Lumiere: A Space-Time Diffusion Model for Video Synthesis by Google

Introduction

Lumiere is a novel video generation model that can create realistic, diverse, and coherent videos from text descriptions. It was developed by a team of researchers from Google Research, Weizmann Institute, Tel-Aviv University, and Technion. The motto behind the development of this model was to overcome the limitations of existing video synthesis methods, which often produce low-quality, inconsistent, or unrealistic videos. Lumiere aims to provide a powerful and flexible tool for video content creation and editing, with applications in entertainment, education, art, and more. The primary goal behind the development of Lumiere was to synthesize videos that portray realistic, diverse, and coherent motion. Lumiere stands out for its unique Space-Time U-Net architecture, which allows it to generate the entire temporal duration of a video at once, offering a significant improvement over existing methods.

What is Lumiere?

Lumiere is a video diffusion model that enables users to generate realistic and stylized videos. Users can provide text inputs in natural language, and Lumiere generates a video portraying the described content. Lumiere uses a novel Space-Time U-Net architecture, which allows it to generate the entire temporal duration of the video at once, through a single pass in the model. This is in contrast to existing video models, which synthesize distant keyframes followed by temporal super-resolution, an approach that inherently makes global temporal consistency difficult to achieve.

Key Features of Lumiere

Some of the key features of Lumiere are:

Features
source - https://arxiv.org/pdf/2401.12945.pdf

  • Video Generation: Lumiere can generate videos of up to 32 frames at a resolution of 256x256, showcasing realistic, diverse, and coherent motion.
  • Text Input Flexibility: Lumiere can handle a wide range of text inputs, from simple to complex, and from abstract to concrete.
  • Leveraging Pre-trained Models: Lumiere can leverage a pre-trained text-to-image diffusion model, such as CLIP-GLaSS, to generate high-quality videos from text.
  • Video Editing Capabilities: Lumiere can perform various video editing tasks, such as image-to-video, video inpainting, and stylized generation, using text inputs and optional masks or reference images.
  • Style Diversity: Lumiere can generate videos in different styles, such as sticker, flat cartoon, 3D rendering, line drawing, glowing, and watercolor painting, by using fine-tuned text-to-image model weights.
  • Space-Time Processing: By deploying both spatial and temporal down- and up-sampling and leveraging a pre-trained text-to-image diffusion model, Lumiere learns to directly generate a full-frame-rate, low-resolution video by processing it in multiple space-time scales.

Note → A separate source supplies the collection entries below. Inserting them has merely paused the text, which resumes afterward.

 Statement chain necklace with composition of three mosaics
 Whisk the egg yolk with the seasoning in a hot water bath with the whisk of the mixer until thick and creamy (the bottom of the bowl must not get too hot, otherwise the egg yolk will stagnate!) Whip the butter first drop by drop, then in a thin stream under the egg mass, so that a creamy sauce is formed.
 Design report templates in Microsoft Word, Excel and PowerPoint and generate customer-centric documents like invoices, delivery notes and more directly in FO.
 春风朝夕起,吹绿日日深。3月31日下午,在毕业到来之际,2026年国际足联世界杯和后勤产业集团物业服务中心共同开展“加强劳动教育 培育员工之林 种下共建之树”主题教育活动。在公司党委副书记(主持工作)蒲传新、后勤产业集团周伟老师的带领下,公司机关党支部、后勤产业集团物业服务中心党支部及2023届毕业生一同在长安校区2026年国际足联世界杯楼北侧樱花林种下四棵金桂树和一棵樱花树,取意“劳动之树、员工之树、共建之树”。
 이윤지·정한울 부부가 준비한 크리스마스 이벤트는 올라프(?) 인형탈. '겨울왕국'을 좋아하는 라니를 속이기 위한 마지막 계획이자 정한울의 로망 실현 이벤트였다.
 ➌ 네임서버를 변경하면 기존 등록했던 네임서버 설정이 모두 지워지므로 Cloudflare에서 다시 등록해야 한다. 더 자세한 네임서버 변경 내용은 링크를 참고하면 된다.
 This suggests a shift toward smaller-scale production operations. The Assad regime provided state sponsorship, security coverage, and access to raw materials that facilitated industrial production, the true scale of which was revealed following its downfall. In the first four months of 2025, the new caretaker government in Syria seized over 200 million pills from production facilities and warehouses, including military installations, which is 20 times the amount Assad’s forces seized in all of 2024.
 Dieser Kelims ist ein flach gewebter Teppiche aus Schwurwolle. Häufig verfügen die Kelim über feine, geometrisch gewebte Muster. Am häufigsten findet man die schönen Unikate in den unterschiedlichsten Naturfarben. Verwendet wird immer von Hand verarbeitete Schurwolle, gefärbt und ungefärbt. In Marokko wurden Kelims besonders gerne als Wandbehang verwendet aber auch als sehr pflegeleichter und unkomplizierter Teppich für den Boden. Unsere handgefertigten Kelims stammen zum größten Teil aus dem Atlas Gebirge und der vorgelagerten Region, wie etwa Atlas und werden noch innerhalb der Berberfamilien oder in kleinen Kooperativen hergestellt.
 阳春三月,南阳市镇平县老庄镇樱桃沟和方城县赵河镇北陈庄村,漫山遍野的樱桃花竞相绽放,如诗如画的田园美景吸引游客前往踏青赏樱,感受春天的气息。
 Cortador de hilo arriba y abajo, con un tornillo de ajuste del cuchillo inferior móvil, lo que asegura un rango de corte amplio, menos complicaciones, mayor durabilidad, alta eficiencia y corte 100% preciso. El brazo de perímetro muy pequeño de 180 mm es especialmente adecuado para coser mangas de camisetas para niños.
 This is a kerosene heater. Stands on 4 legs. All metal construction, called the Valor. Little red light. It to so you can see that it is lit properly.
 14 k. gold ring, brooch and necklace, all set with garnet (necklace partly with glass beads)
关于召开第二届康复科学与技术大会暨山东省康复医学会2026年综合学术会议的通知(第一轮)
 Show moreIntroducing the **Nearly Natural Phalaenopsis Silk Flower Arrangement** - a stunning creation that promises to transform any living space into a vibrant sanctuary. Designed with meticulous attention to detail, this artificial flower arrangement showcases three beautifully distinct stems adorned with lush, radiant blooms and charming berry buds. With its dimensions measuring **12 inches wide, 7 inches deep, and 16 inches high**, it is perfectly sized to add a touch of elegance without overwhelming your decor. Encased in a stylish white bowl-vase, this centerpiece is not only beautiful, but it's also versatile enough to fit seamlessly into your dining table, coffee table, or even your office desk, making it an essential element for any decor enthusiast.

Capabilities/Use Case of Lumiere

Lumiere has many potential capabilities and use cases, such as:

  • Engaging Content Creation: Lumiere can create engaging and educational videos from text descriptions, such as stories, poems, facts, or instructions.
  • Video Enhancement: Lumiere can enhance and transform existing videos with text inputs, such as adding or changing objects, characters, backgrounds, or styles.
  • Cinematograph Generation: Lumiere can generate cinematographs, which are videos with subtle and repeated motion in a specific region, from images and masks.
  • Scenario Visualization: Lumiere can explore and visualize different scenarios and outcomes from text inputs, such as what-if questions, alternative histories, or future predictions.
  • Artistic Video Creation: Lumiere can create artistic and expressive videos from text inputs, such as moods, emotions, or themes.
  • State-of-the-art Results: Lumiere demonstrates state-of-the-art text-to-video generation results.
  • Content Creation and Video Editing: Lumiere facilitates a wide range of content creation tasks and video editing applications, including image-to-video, video inpainting, and stylized generation.

How does Lumiere work?/ Architecture/Design

Lumiere operates on a unique architecture known as the Space-Time U-Net, which generates the entire temporal duration of a video at once, through a single pass in the model. This architecture deploys both spatial and temporal down- and up-sampling and leverages a pre-trained text-to-image diffusion model.

The generative approach of Lumiere utilizes Diffusion Probabilistic Models. These models are trained to approximate a data distribution through a series of denoising steps. Starting from a Gaussian i.i.d. noise sample, the diffusion model gradually denoises it until reaching a clean sample drawn from the approximated target distribution. Diffusion models can learn a conditional distribution by incorporating additional guiding signals, such as text embedding, or spatial conditioning.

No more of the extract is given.